HIMSS 2017: IT growth expected but vendors too quickly 'moving on' from EHRs
The 2017 HIMSS Leadership and Workforce Survey found a strong demand for health IT employees and continued growth in IT budgets for both vendors and providers. In some cases, however, providers and vendors aren’t sharing the same priorities.
Lorren Pettit, vice president, health information systems and research for HIMSS, said at the group's 2017 show in Orlando that health IT leaders are “pretty much in sync” on what providers and vendors consider to be top priorities, according to the survey. For example, providers named quality and patient safety outcomes as most important for their clinical IT efforts, while vendors and consultants ranked it as the No. 2 priority for those clients.
The disconnect was seen when it came to newer forces in the marketplace. Providers listed electronic health records (EHRs) as their second highest IT priority. Vendors and consultants, on the other hand, appeared to have “moved on” from EHRs, expecting it’s only the eighth-highest priority for clients.
“This is why I call it a healthy tension because there is this push and pull in the marketplace where the providers are, in essence, saying 'Hold on, we still need to get our heads and our arms around and master this thing called the EHR,'” Pettit said.
The same disconnect, only in the opposite direction, was reported for dealing with new payment models. Vendors and consultants guessed this would be more important to providers in 2017, listing it as the No. 4 priority. Providers said otherwise, placing it at No. 10.
When broken down by type of providers, vendors and consultants were more in tune with hospitals’ IT needs than with ambulatory centers or long-term post-acute care (LTPAC) facilities. For example, vendors considered new population health and care coordination a much lower priority for LTPAC in 2017, when in reality it was one of their highest, according to those providers.
On the business side, the survey revealed strong economic indicators for health IT in 2017. 56 percent of providers and 87 percent of vendors and consultants plan to increase their IT budgets, while 61 percent of vendors and 42 percent of providers have filled new IT positions in the past years.
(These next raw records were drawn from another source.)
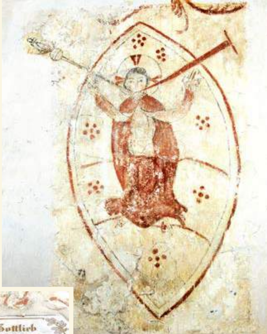
Christus in der Mandorla

Auffällig ist ein Sandstein-Retabel aus der Spätrenaissance, dessen protestantisches Bildprogramm den Betrachter in das Heilsgeschehen von Passion und Auferstehung hineinnimmt: Im Zentrum Christus am Kreuz, daneben Maria und Johannes, in der Predella das Abendmahl. Einen Flügelaltar imitierend, sieht man neben der Kreuzigungsszene vier Stationen der Passion: Gebet im Garten Gethsemane, Geißelung, Dornenkrönung und Kreuztragung. Alle Figuren sind vollplastisch vor einem Goldgrund ausgearbeitet; zierliche Goldrahmen und vier Wappen weisen auf adlige Stifter bzw. Patrone. Die Bekrönung ging im Dreißigjährigen Krieg verloren, als Kirche und Dorf von marodierenden Truppen verwüstet worden waren. Später bildete ein hölzernes Gottesauge im Strahlenkranz den Abschluss; nach der Restaurierung des Altars (1957) verzichtete man darauf.
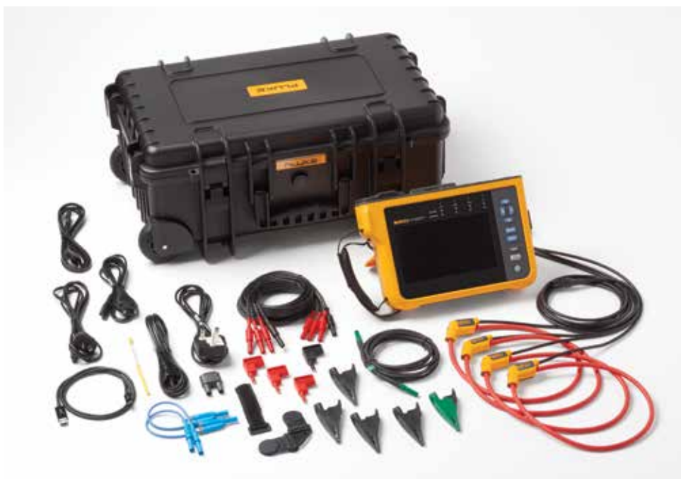
Анализатор качества электроэнергии Fluke 1777. Примечание. Состав комплекта поставки различается для каждой модели и перечисляется в таблице «Информация для заказа».
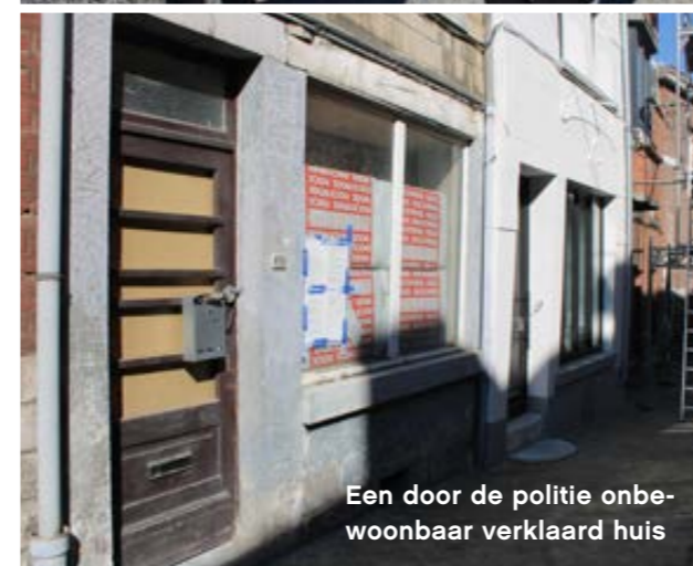
Een door de politie onbewoonbaar verklaard huis

verzekeraars, regeringen en gemeenschappen om verzekeringen betaalbaar te houden”, schrijft een Allianz-woordvoerder. “Om dat te doen moeten we de steeds hogere schadeclaims afzetten tegen risicovermindering, adaptatie en productiviteitswinst. Dat vereist een gezamenlijke krachtsinspanning.” Om die reden wil Allianz ook zelf verduurzamen. In 2030 moet de CO 2 -voetafdruk van de eigen investeringsportefeuille met 50 procent verminderen ten opzichte van 2019. Een analyse van het recentste jaarverslag leert echter dat het concern nog een lange weg te gaan heeft: eind 2024 bezat Allianz een duurzaam portfolio ter waarde van 43,5 miljard op een totaal aantal investeringen van 753 miljard. Allianz is, na de Franse Axa Groep, de grootste verzekeraar van de EU. Juist daarom wringt het dat dit soort verzekeringsmaatschappijen miljarden blijven investeren in de fossiele industrie, zegt Ward Warmerdam van het Amsterdamse onderzoeksbureau Profundo. “Verzekeraars verwachten dat de overheid met wetten en regelgeving komt om klimaatverandering tegen te gaan, maar die regels moeten vooral niet voor henzelf gelden. Zolang verzekeraars met fossiel nog het meeste geld kunnen verdienen, blijven ze daar gewoon in investeren.”

For vendors and hospitals, there remains a great demand for talent, with 61 percent of respondents in both categories reporting having open positions to fill.
Vendors tended to “more bullish,” according to Pettit, with 66 percent expecting to increase the number of full-time IT positions this year, compared to 36 percent of hospitals, 26 percent of ambulatory organizations, and 22 LTPAC facilities expecting the same sort of expansion.
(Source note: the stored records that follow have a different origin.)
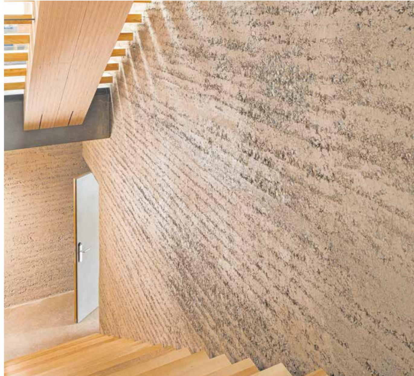
Die zentrale Holzstiege des Bürobaus verbindet die drei Geschoße, durch ein Dachfenster strömt Tageslicht.
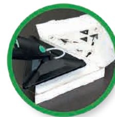
Bevestig een QuikPad
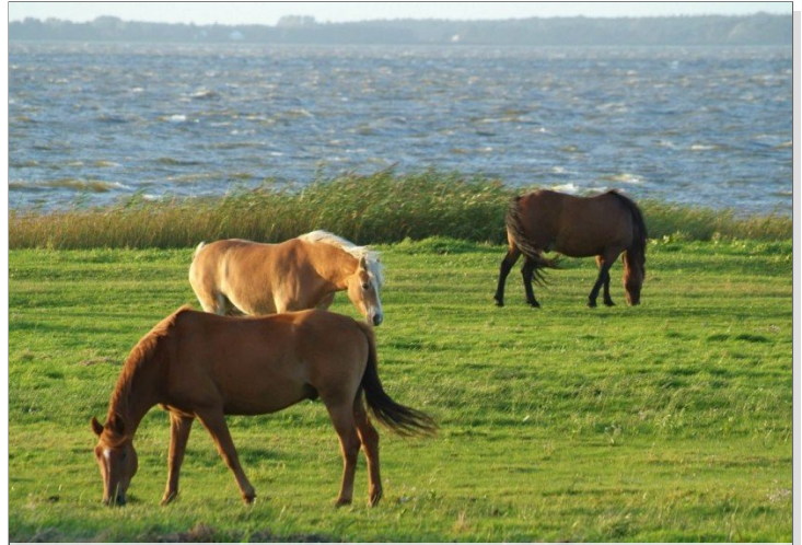
Pferde am Bodden
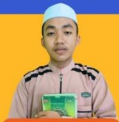
FADILLAH FATMA Program SMAS BQ 2022

Selama 12 tahun berdiri, Alhamdulillah Pondok Pesantren Tahfiz Baitul Qur'an telah melahirkan lebih dari 50 santri hafiz dan hafizah 30 Juz.
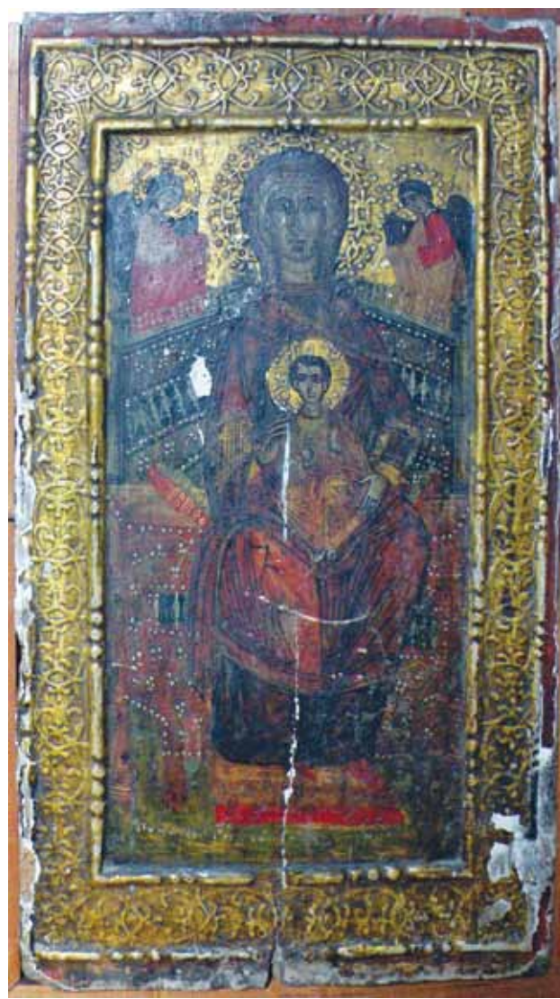
14. Икона на Св. Богородица со малиот Христос на престо- XVII век

Станува збор за икона со претстава на Деисис, односно насликан е Исус Христос седнат на престо со отворено евангелие во левата рака, а со десната благословува.

Those latter two categories may need more vendor attention, Pettit said. He pointed to “remarkable” survey results where nearly a third of ambulatory organizations and LTPAC facilities said they don’t have a dedicated IT executive, and some reported having no full-time IT employees.
“This to me is sort of a barometer of the challenge that we have going forward in terms of how can we best advance (health IT) in these other sectors, the non-hospital market, in the advance of a full-time or any IT leader,” Petit said.